→ DATASET RECORDS
++++

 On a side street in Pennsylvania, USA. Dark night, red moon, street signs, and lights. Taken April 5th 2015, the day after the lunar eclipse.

++++

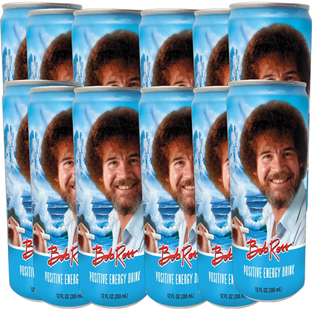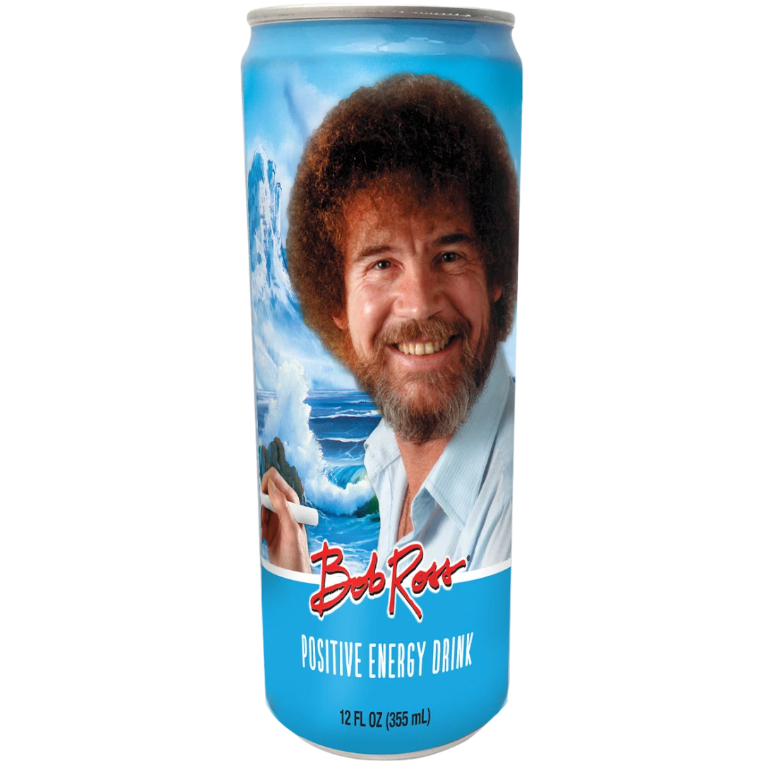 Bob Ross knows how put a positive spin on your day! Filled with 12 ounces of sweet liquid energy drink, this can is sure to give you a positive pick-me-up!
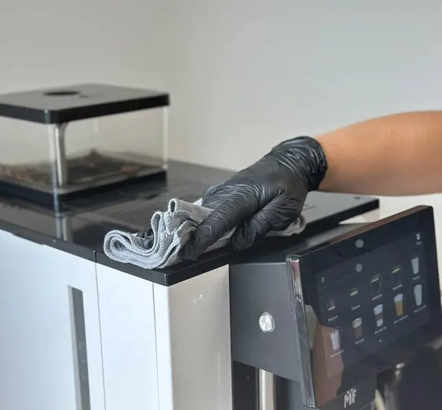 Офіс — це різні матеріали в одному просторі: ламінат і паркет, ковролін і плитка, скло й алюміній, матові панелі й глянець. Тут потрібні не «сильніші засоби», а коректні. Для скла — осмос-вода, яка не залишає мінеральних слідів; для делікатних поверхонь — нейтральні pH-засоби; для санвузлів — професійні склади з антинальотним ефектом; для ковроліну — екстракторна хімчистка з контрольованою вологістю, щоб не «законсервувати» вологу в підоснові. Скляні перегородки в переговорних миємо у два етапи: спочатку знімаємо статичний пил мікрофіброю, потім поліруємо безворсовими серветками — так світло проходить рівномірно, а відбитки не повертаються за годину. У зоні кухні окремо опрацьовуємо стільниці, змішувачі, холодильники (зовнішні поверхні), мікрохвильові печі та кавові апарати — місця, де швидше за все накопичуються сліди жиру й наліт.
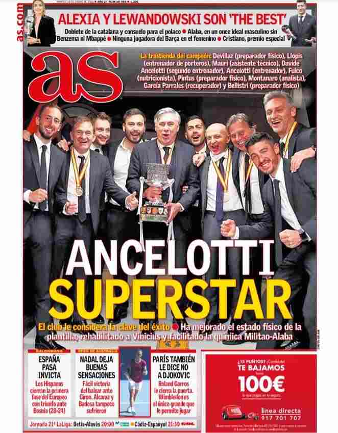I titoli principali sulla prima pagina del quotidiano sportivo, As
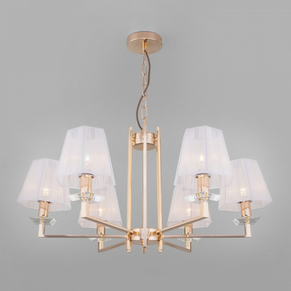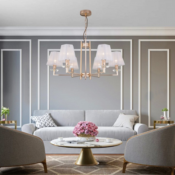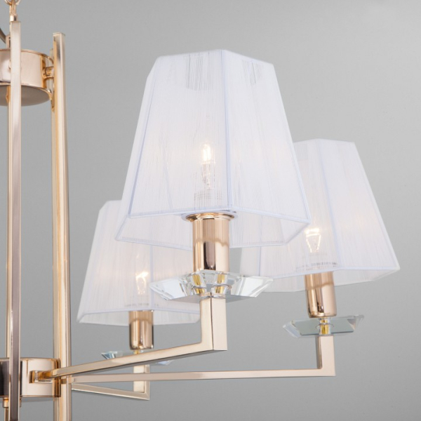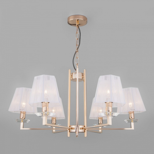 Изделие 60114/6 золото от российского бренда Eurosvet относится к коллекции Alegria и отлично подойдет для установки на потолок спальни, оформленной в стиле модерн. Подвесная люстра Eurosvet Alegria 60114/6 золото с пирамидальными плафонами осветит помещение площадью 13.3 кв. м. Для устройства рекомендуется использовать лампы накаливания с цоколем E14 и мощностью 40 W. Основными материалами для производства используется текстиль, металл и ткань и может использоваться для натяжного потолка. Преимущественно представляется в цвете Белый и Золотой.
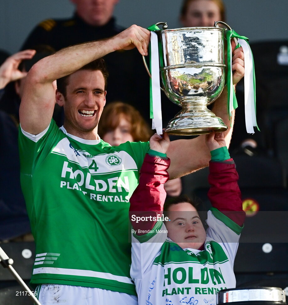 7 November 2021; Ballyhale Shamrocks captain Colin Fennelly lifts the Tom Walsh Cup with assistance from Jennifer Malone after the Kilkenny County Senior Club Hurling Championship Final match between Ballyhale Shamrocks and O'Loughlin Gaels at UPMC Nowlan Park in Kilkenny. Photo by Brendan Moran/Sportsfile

++++

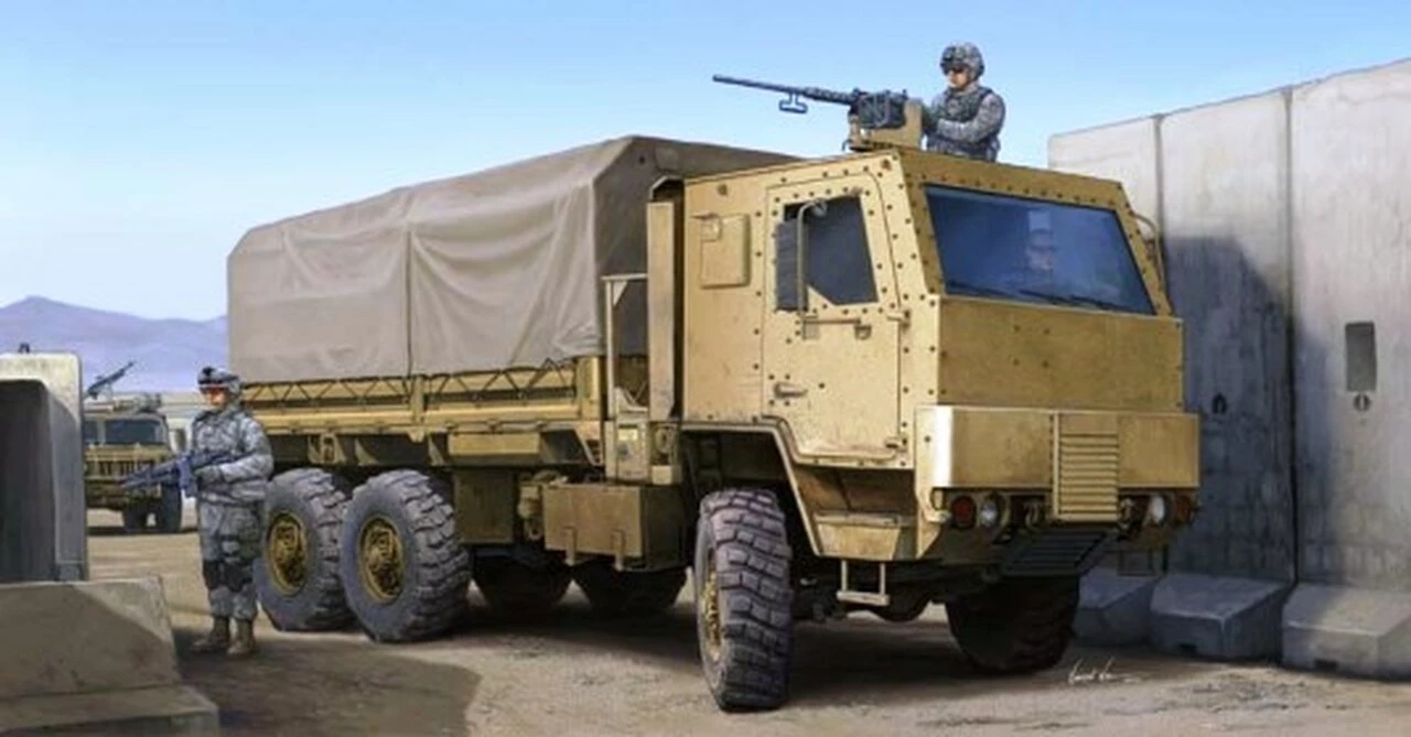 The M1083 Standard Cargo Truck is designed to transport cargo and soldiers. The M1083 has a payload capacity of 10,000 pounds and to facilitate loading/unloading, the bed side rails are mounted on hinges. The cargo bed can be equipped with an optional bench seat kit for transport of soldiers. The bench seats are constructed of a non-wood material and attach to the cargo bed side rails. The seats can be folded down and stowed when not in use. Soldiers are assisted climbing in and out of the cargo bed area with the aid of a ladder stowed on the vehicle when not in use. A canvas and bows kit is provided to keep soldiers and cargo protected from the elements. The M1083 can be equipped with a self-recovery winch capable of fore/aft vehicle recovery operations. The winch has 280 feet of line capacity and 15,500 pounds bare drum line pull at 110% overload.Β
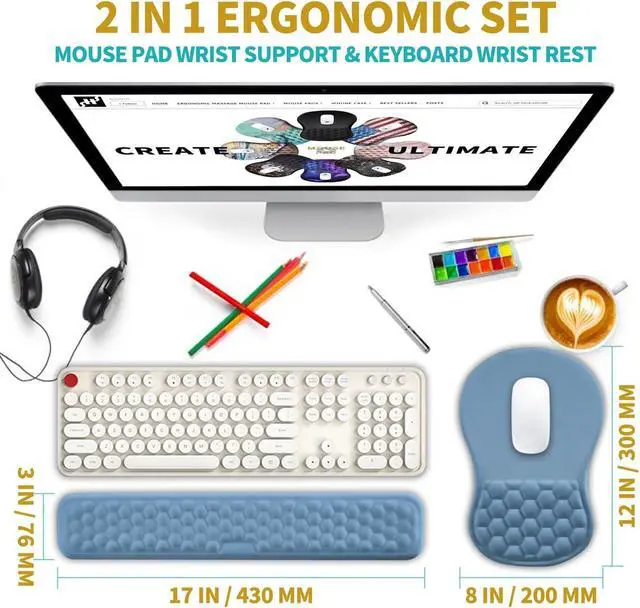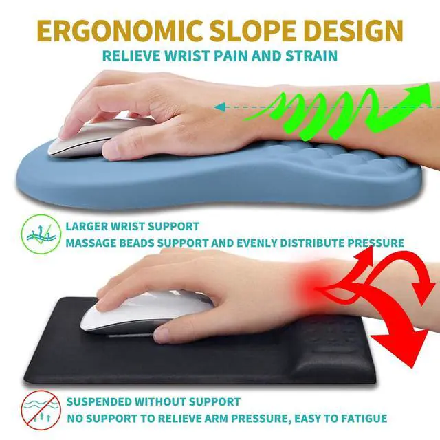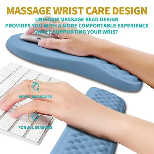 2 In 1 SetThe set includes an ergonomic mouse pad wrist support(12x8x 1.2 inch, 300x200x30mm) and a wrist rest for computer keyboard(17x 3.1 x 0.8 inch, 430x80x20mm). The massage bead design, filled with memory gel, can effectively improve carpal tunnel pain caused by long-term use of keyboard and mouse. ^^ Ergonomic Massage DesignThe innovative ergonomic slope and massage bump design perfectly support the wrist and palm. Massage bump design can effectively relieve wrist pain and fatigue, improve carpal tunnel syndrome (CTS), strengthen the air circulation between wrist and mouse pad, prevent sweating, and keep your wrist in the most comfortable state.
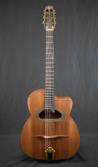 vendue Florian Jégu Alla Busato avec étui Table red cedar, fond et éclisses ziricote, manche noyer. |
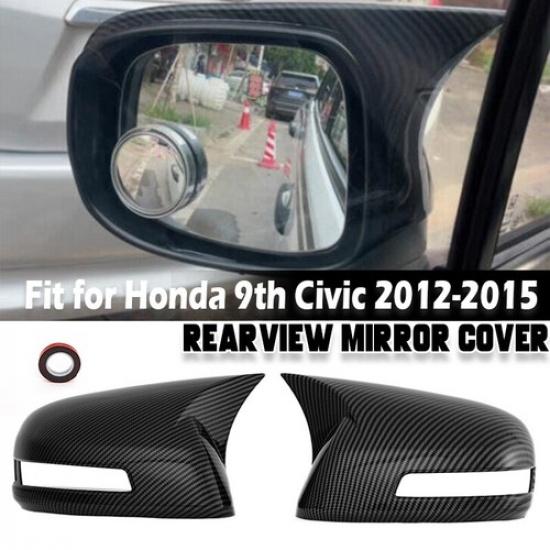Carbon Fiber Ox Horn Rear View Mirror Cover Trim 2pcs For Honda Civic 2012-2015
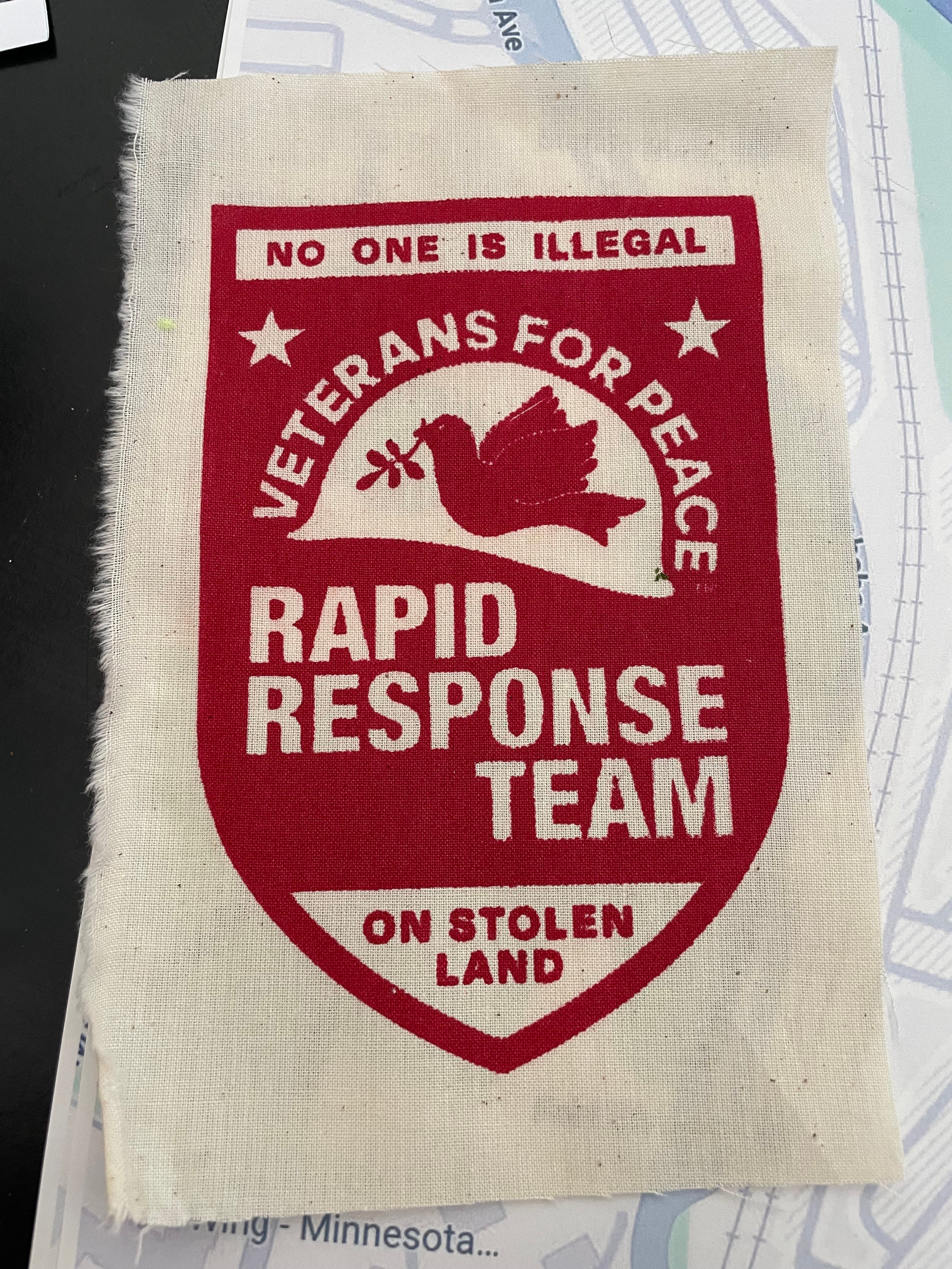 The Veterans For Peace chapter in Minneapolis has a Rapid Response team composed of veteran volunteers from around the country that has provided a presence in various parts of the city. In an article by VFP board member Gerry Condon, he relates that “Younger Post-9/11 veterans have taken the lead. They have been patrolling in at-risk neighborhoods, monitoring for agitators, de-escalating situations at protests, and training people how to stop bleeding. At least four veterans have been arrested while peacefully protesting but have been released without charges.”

++++

→ PROBLEM REQUIREMENTS
Here the job is to copy the stretch of records from the line containing "I titoli principali" through the line containing "7 November 2021;", word for word. Leave every picture out.

→ EXERCISE RESPONSE
I titoli principali sulla prima pagina del quotidiano sportivo, As
 Изделие 60114/6 золото от российского бренда Eurosvet относится к коллекции Alegria и отлично подойдет для установки на потолок спальни, оформленной в стиле модерн. Подвесная люстра Eurosvet Alegria 60114/6 золото с пирамидальными плафонами осветит помещение площадью 13.3 кв. м. Для устройства рекомендуется использовать лампы накаливания с цоколем E14 и мощностью 40 W. Основными материалами для производства используется текстиль, металл и ткань и может использоваться для натяжного потолка. Преимущественно представляется в цвете Белый и Золотой.
 7 November 2021; Ballyhale Shamrocks captain Colin Fennelly lifts the Tom Walsh Cup with assistance from Jennifer Malone after the Kilkenny County Senior Club Hurling Championship Final match between Ballyhale Shamrocks and O'Loughlin Gaels at UPMC Nowlan Park in Kilkenny. Photo by Brendan Moran/Sportsfile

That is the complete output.